J Am Acad Orthop Surg Glob Res Rev. 2025 Sep 9;9(9). doi: 10.5435/JAAOSGlobal-D-25-00062. eCollection 2025 Sep 1.
Femoral neck fractures (FNFs) pose a notable challenge in the elderly population, given the high associated mortality rates and costs. The choice between internal fixation (IF) and hip arthroplasty (HA) has long been debated, yet existing guidelines often overlooked the crucial influence of comorbidities. With the increasing number of hip fracture cases globally and the complexity of patient conditions, it is essential to identify the key factors that truly affect surgical outcomes.
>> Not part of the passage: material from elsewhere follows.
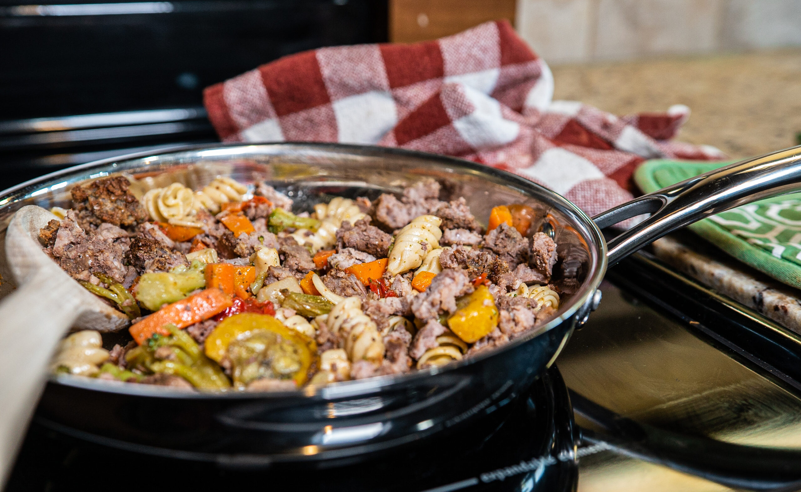Lean ground beef, pasta (wheat semolina, niacin, riboflavin, folic acid, maltodextrin, natural flavors, potato starch, sea salt, spices, sugar, yeast extract), broccoli, carrots, yellow squash, red bell pepper, zucchini, BBQ sauce (distilled vinegar, tomato paste, modified corn starch, salt, pineapple juice concentrate, natural smoke flavor, spices, caramel color, molasses, sodium benzoate, garlic, mustard flour, corn syrup, sugar, tamarind, natural flavor, and celery seed).

We conducted a large-scale retrospective study across 152 Beijing hospitals, including 25,764 patients aged 60+ years with FNF. After excluding those with severe preexisting conditions, we collected data on patient characteristics and used advanced statistical methods for analysis.
Among the patients, 4568 received IF and 21,196 received HA. IF decreased 1-year mortality in patients with fewer than four comorbidities, whereas HA was more beneficial for those with four or more comorbidities. Mortality predicted by comorbidities was notably lower than that by age and sex (2.379% versus 2.790%, P < 0.001), and age had no marked influence on outcomes.
In summary, for elderly patients with FNF, comorbidity profile, rather than age or sex, should be the key determinant in surgical choices to reduce all-cause mortality. These findings support the refinement of surgical guidelines and have implications for geriatric care. Future research should focus on enhancing comorbidity assessment in surgical planning.
股骨颈骨折(FNFs)在老年人群中构成了显著挑战,因为其具有较高的相关死亡率和成本。长期以来,内固定(IF)和髋关节置换术(HA)之间的选择一直存在争议,但现有指南往往忽视了合并症的关键影响。随着全球髋部骨折病例数量的增加以及患者病情的复杂性,确定真正影响手术结果的关键因素至关重要。
我们对北京152家医院进行了大规模回顾性研究,纳入了25764例60岁及以上的股骨颈骨折患者。在排除那些有严重基础疾病的患者后,我们收集了患者特征数据,并使用先进的统计方法进行分析。
在这些患者中,4568例接受了内固定,21196例接受了髋关节置换术。内固定降低了合并症少于四种的患者的1年死亡率,而髋关节置换术对合并症四种或更多的患者更有益。合并症预测的死亡率明显低于年龄和性别预测的死亡率(2.379%对2.790%,P<0.001),且年龄对结果没有显著影响。
总之,对于老年股骨颈骨折患者,手术选择的关键决定因素应是合并症情况,而非年龄或性别,以降低全因死亡率。这些发现支持完善手术指南,并对老年护理有启示意义。未来研究应聚焦于在手术规划中加强合并症评估。